Edwards S A, Rundell A Y, Adamson E D
Cancer Research Center, La Jolla Cancer Research Foundation, California 92037.
Dev Biol. 1988 Sep;129(1):91-102. doi: 10.1016/0012-1606(88)90164-9.
To test the putative role of c-fos in F9 differentiation, we have attempted to inhibit c-fos expression in these cells using an SV40-based expression vector (pSVneo-sof) that programs expression of c-fos antisense (sof) sequences as a 3' extension of a neo mRNA transcript. Of six G418-resistant clones isolated in transfection experiments, five expressed neo-sof transcripts. Two clones synthesized polyadenylated mRNA of the expected size (3.8 kb), two were smaller than expected, and one was larger. Two clones that expressed reduced levels of c-fos protein were inhibited in the induction of laminin, type IV collagen, and proteoglycan-19 RNA transcripts measured after 4 days of differentiation induction with RA and dibutyryl cyclic AMP. Also inhibited was the induction of the differentiation markers, TROMA-1 and TROMA-3. Antisense-expressing cells were not inhibited in the differentiation pathway to visceral endoderm since the alpha-fetoprotein gene was activated normally. We conclude that c-fos antisense expression inhibits some aspects of differentiation in F9 cells.
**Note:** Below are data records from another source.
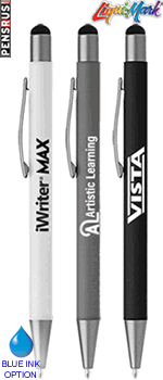 Soft touch, white metal ballpoint and stylus pen with 6 stylus colors. Price includes one full color imprint.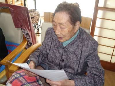 ぼけたらあかん  幸せの三か条の唱和わーい (嬉しい顔)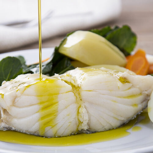Bacalhau às postas cozido, com batatas, couve, cenouras e ovos tudo regado com azeite aquecido com alho. Receita típica de Natal.

为了测试c-fos在F9细胞分化中的假定作用,我们尝试使用基于SV40的表达载体(pSVneo-sof)抑制这些细胞中的c-fos表达,该载体可将c-fos反义(sof)序列作为neo mRNA转录本的3'延伸进行表达。在转染实验中分离出的6个G418抗性克隆中,有5个表达了neo-sof转录本。两个克隆合成了预期大小(3.8 kb)的多聚腺苷酸化mRNA,两个比预期的小,一个比预期的大。在用视黄酸(RA)和二丁酰环磷酸腺苷诱导分化4天后,两个表达c-fos蛋白水平降低的克隆在层粘连蛋白、IV型胶原蛋白和蛋白聚糖-19 RNA转录本的诱导中受到抑制。分化标志物TROMA-1和TROMA-3的诱导也受到抑制。由于甲胎蛋白基因正常激活,反义表达细胞在内胚层分化途径中未受到抑制。我们得出结论,c-fos反义表达抑制了F9细胞分化的某些方面。